The reason why we still haven’t accepted that a crime against women had been committed is that we don’t even understand what caused that persecution.
The work Bosnian Girl is an eerie testimony of the stereotypes about Bosnian girls written by the UN Dutch soldiers. What is a Bosnian girl truly like?
Through Bosnian Girl, I symbolically took on a role that was imposed on me by the war. It is a role of a victim, but it is also much more than that. It is a reflection of a viewer and a warning. Criminals need stereotypes and prejudice in order to hate, kill, rape, rage, spit, yell…the question that this work asks is why we accept prejudice and stereotypes so easily. How can we find them funny if they cause pain? They instigate a lack of understanding, and encourage hatred. We live in a permanent war where a woman’s body is used as territory. I am Bosnian Girl; I am the target, the victim, the territory to be dominated. But this work is not about me or about a Bosnian girl; it is about any girl or woman, anyone whose rights were denied. This work is from Bosnia, but it tells a universal story of prejudice, intolerance, and bigotry.
You mostly work with photography and video, placing explicit social context against intimate narratives. Has the social become intimately personal for you?
The way we feel and observe the world around us has to be intimate. What happens around us always ends up within us. From that depth, we give back and redefine the space we occupy. I believe that society consists of many intimacies. Our perspectives are individual, but they always have common elements. In my artistic practice, I always start from personal feelings and thoughts, but I am interested in precisely those mutual points of contact. Points that connect us even if we are on opposite sides.

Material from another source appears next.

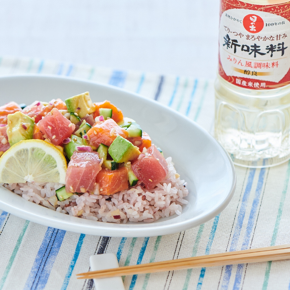 ごはんと合わせてポキライスにするのもおすすめ。雑穀米と合わせるとヘルシーなだけじゃなく、食感に変化がつき、見た目もオシャレです。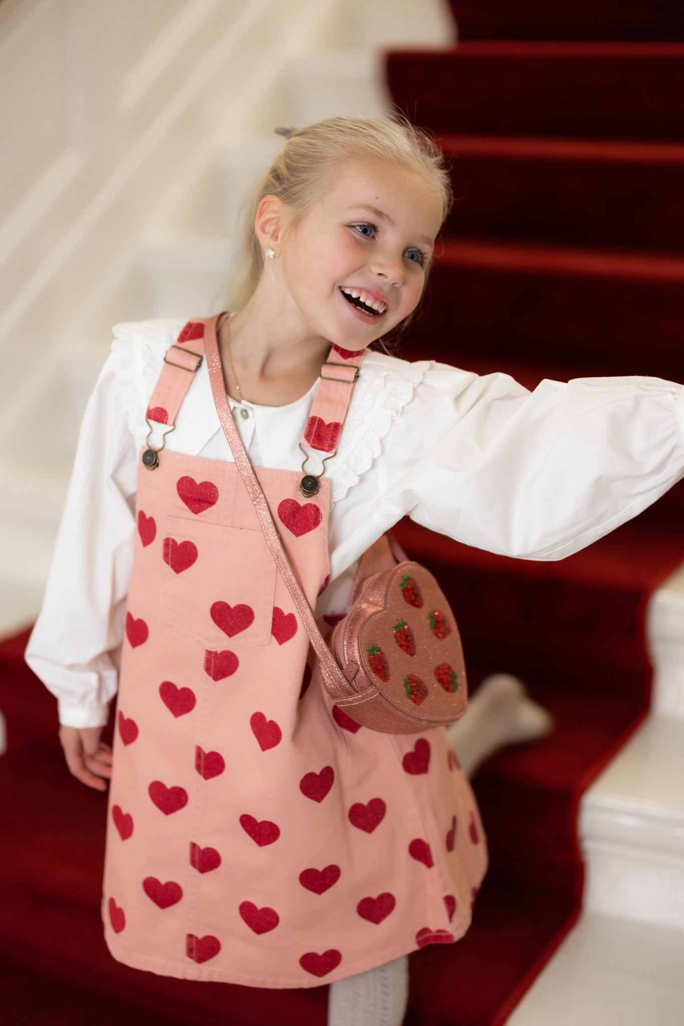 Hoe leuk is deze jurk? Gemaakt van zacht denim, met stoere gespen en bandjes én met glitter hartjes over de hele stof. Perfect voor een vrolijke en trendy look!

At what level did that identification take place?
The world around us is very complex, and we will never be able to perceive it entirely. It exists despite us in an inconceivable time and space of the universe. Believing that modern culture can offer all the answers is arrogant and presumptuous. To survive, we must seek solutions. That is the intimate act that should be universal, social. I use it when I create art, but it is a principle that can be applied to everyday actions.
The exhibition and movie 1395 Days Without Red refer to the experience of movement and survival of Sarajevo’s inhabitants during the siege (1992-1996) when they were advised not to wear bright and vivid colors that would draw the snipers’ attention. How long can one truly manage without red?
That movie showed the choreography of survival. The mental resistance, which is manifested through movement and music. The protagonist, played by the Spanish actress Maribel Verdu, walks down the streets in the rhythm imposed by sniper bullets. This was the collective choreography of the besieged Sarajevo. Every intersection was exposed to sniper fire; every passerby was a target. Despite the danger, people were crossing intersections because life had to go on; people needed to get food and firewood, see the doctor, work, go to school…Maribel takes that road; she goes through those motions as if she were in the past, even though it is clear that the space around her is just a memory. Between intersections and running, she uses her unsettled breath to hum. This is the mental resistance that I’m talking about. In the movie, we recreated the Sarajevo Philharmonic Orchestra rehearsals that took place in the hallways of the RTV (Radio and Television) building during the war. It is difficult to imagine an orchestra getting together to rehearse and play in the middle of a war. This type of resistance to war is important to talk about. What is humane, what makes us better? Art is not just a noble act; it is a necessity and a corrective.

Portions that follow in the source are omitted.